Um parecer do Conselho Consultivo da Procuradoria-Geral da República (PGR) sobre as competências e atribuições das polícias municipais confirmou que estas não podem mesmo fazer detenções, contrariando a posição do presidente da Câmara de Lisboa, Carlos Moedas, que, em setembro do ano passado, deu ordens para que passassem a deter suspeitos de crimes na cidade.
O parecer foi solicitado pela anterior ministra da Administração Interna, Margarida Blasco, em setembro de 2024 e é datado de 27 de março. Segundo a atual ministra, Maria Lúcia Amaral, o documento foi recebido no ministério a 4 de abril e homologado pelo Governo no passado dia 21 de julho.
No entender do Conselho Consultivo da PGR, as polícias municipais têm competências "restritas" à cooperação na manutenção da tranquilidade pública e na proteção das comunidades locais e são como "serviços municipais", funcionando "na dependência do presidente da câmara municipal".
"Os agentes das polícias municipais [somente] podem deter suspeitos no caso de crime público ou semi-público punível com pena de prisão, em flagrante delito, cabendo-lhes proceder à elaboração do respetivo auto de notícia e detenção e à entrega do detido, de imediato, à autoridade judiciária, ou ao órgão de polícia criminal", lê-se no parecer.
Em reação ao parecer, Carlos Moedas defendeu "uma pequena mudança" na lei para permitir que a polícia possa deter suspeitos de crimes em flagrante delito.

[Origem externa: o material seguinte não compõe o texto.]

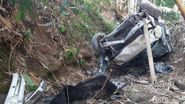 Kemudian di tikungan tajam itu mobil bablas menabrak guardrail atau pagar pembatas jalan. Lalu mobil itu menabrak pohon metir dan bablas terjun ke ladang tanaman bawang merah, hingga dasar jurang.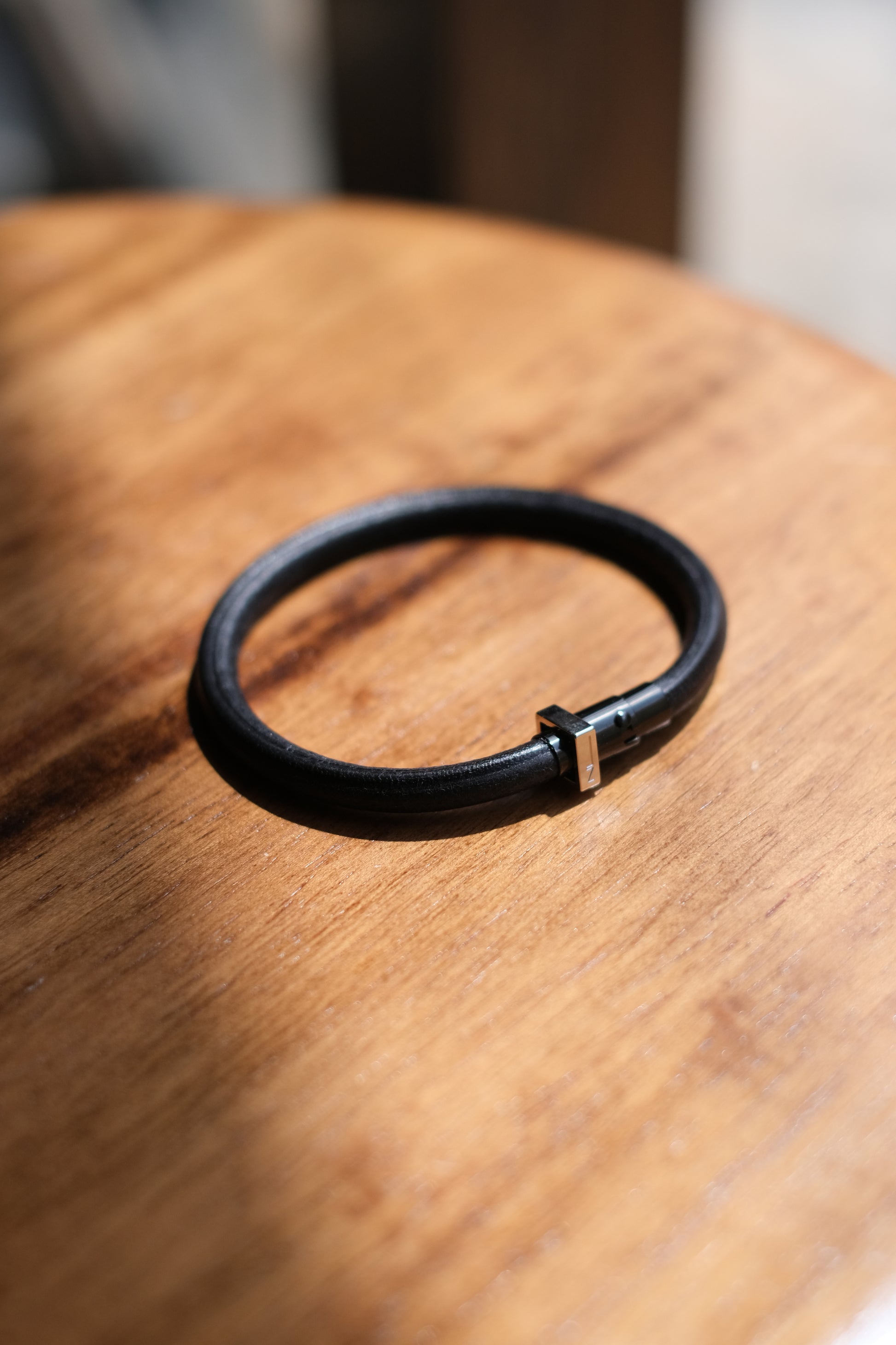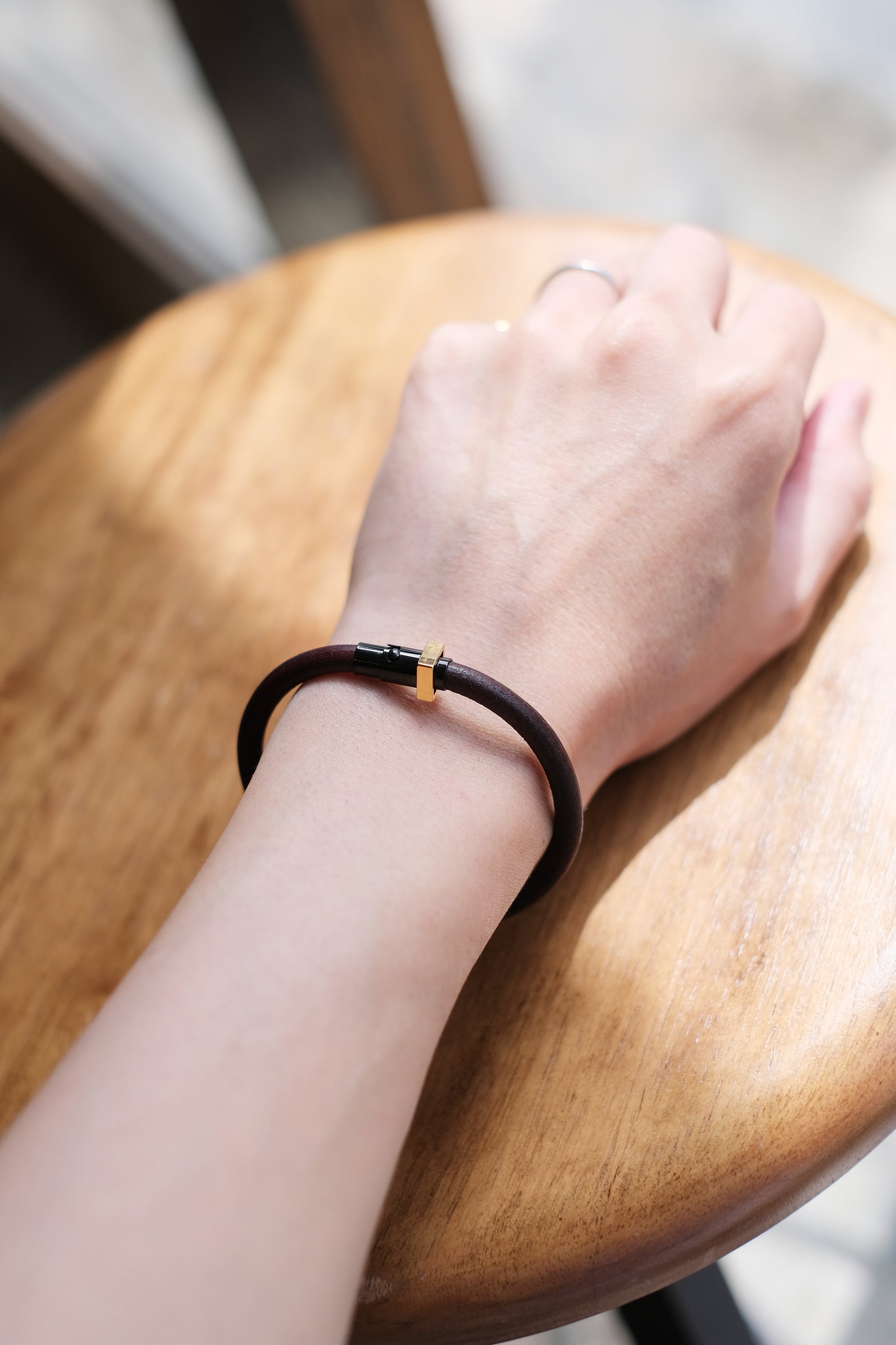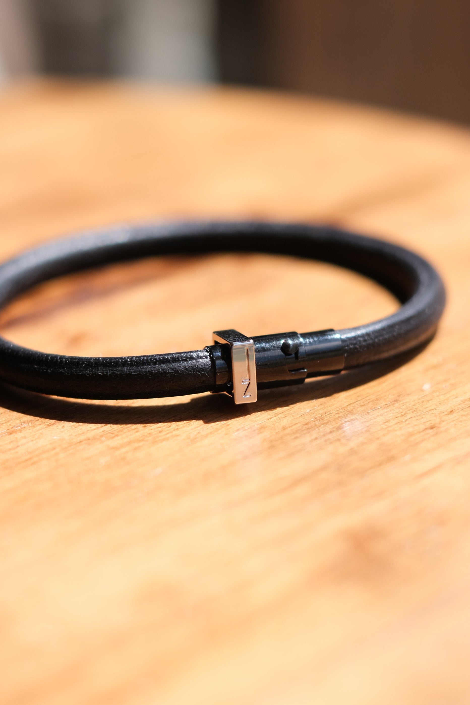 5mm幅のレザーコードを使用したレザーブレスレットです。接続部にはマグネットを用いているため着脱が容易になっています。(ひねって開閉するパーツになります) ネームパーツにNL刻印が入ります。

"É uma questão que tem de ser clarificada e, pelos vistos, não foi neste parecer, portanto tem de a lei ser mudada [...] eu peço ao Governo que mude a lei", afirmou o social-democrata Carlos Moedas à Lusa, considerando que está em causa "uma situação dramática e que diminui os polícias municipais, que não são polícias de segunda, porque eles são PSP alocados à polícia municipal".
Em declarações aos jornalistas, Carlos Moedas defendeu que "os lisboetas hoje precisam de mais PSP" e "mais Polícia Municipal".
"Não é uma questão de qual é o governo, é uma questão de defender os lisboetas. Os lisboetas hoje precisam de mais PSP, precisam de mais polícia municipal. Isso é óbvio. Eu sei que há candidatos que defendem o contrário, que defendem que não deveríamos ter estas competências, que, no fundo, não defendem a polícia", atirou.
Dar mais competências à Polícia Municipal é defender os lisboetas.
— Carlos Moedas (@Moedas) August 5, 2025
E defender os lisboetas é estar ao lado dos polícias. pic.twitter.com/vDV7jYjyXC
Em paralelo, de acordo com o Diário de Notícias, a Inspeção-Geral da Administração Interna (IGAI), informou ter "instaurado processo administrativo para a averiguação" de ações levadas a cabo recentemente pela Polícia Municipal que culminaram com a detenção de vendedores ambulantes.
"Essas averiguações são normais. Gostava era de continuar a motivar a Polícia Municipal no seu papel, não só administrativo e de fiscalização, mas também um papel que tem de ser de ajuda aos colegas da PSP", considerou Carlos Moedas à TSF.
Em contrapartida, os vereadores da oposição na Câmara de Lisboa, designadamente PS, PCP, Livre, BE e Cidadãos Por Lisboa (eleitos pela coligação PS/Livre), criticaram a posição de Carlos Moedas quanto ao reforço de competências da polícia municipal e defenderam que o parecer da PGR "não pode ser ignorado".
Governo demorou quatro meses a homologar parecer da PGR. Ministra defende-se: "MAI não ocultou qualquer documento"
O Ministério da Administração Interna (MAI) justificou a demora de quatro meses na homologação do parecer da PGR com o contexto das eleições legislativas antecipadas.
Em declarações à Lusa, o gabinete da ministra Maria Lúcia Amaral afirmou que "o MAI não ocultou qualquer documento" e explicou que o documento foi recebido "já na vigência de um Governo de gestão, na sequência da dissolução da Assembleia da República e da convocação de eleições antecipadas".
A ministra da Administração Interna decidiu, então, homologar o parecer do Conselho Consultivo da PGR no dia 21 de julho, "após uma análise cuidada", tendo este sido remetido à PGR no dia seguinte à homologação.